In Poeke werd volgende legende verteld:
In de middeleeuwen vertrokken er vanuit onze gewesten heel wat ridders op kruistocht naar het Heilige Land, om er het Heilige Graf van Christus tegen de muzelmannen te verdedigen. Dit gebeurde rond het jaar 1100 en bracht heel wat volk op de been.
Volgens de overlevering zou een zekere ridder vertrokken zijn en zijn vrouw bleef eenzaam en verlaten in Poeke achter, daar hij jarenlang wegbleef. Zij was diepbedroefd, doch zij bad geregeld voor het beeld van de moeder van Jezus; zij stelde haar volle vertrouwen op de Heilige Maagd.
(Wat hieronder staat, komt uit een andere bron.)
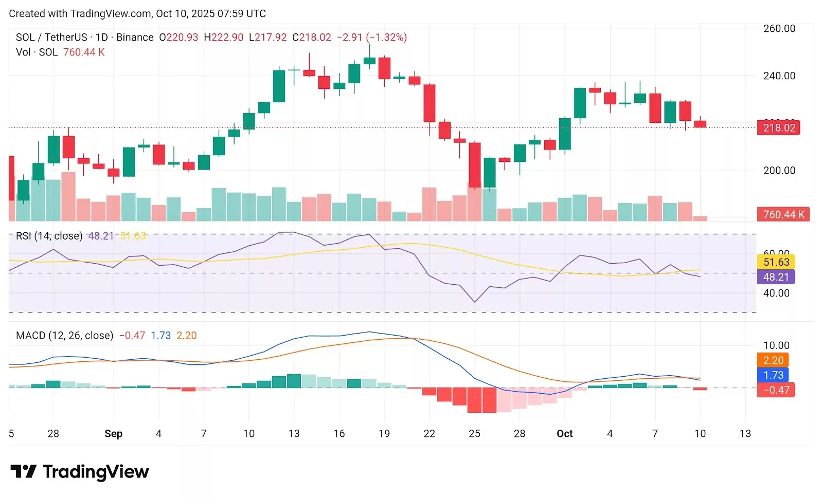 در زمان نگارش این گزارش، قیمت سولانا ۲۱۸.۰۲ دلار است که نسبت به روز گذشته کاهش ۳.۸ درصدی را نشان میدهد. شاخص RSI نیز در سطح ۵۱.۶۶ قرار دارد، که نشاندهنده وضعیت خنثی بازار است. این سطح از نوسان و پایداری، نشان میدهد که بازار هنوز در مرحله تعادل نسبی قرار دارد و روند مشخصی برای صعود یا اصلاح در آینده نزدیک دیده نمیشود.

Toen zij op zekere dag ingetogen voor het beeldje aan het bidden was, kreeg zij plots een visioen. Een ridder verscheen plots bij haar en berichtte haar met luide stem: Ik hen een goe maere* voor u! Uw man is kerngezond en is op weg naar huis!. En inderdaad, alles verliep zoals voorspeld! De bedroefde vrouw was in minder dan geen tijd een dolgelukkige vrouw; de kruisvaarder kwam heelhuids en gezond thuis in Poeke aan en trof haar al biddend voor het beeldje aan. Sedertdien werd dat beeldje Goemaere genoemd.
Sindsdien heeft men alles in het werk gesteld om dat mysterieuze beeldje in Poeke terug te krijgen. Daar de lokale autoriteiten in Engeland zich hardnekkig tegen deze teruggave verzetten, mislukten alle pogingen.
De mondelinge overlevering vertelt verder dat het een groot geluk voor de Poekse gemeenschap zou betekenen, indien dit wonderbare beeldje van Goemaere eens in zijn oorspronkelijk midden mocht terugkeren.
* mare: boodschap of tijding
Bron: Roger Defruyt, Goemaere een legende te Poeke, in Land van de Woestijne, jg. 5 (1982), nr. 2, p. 25.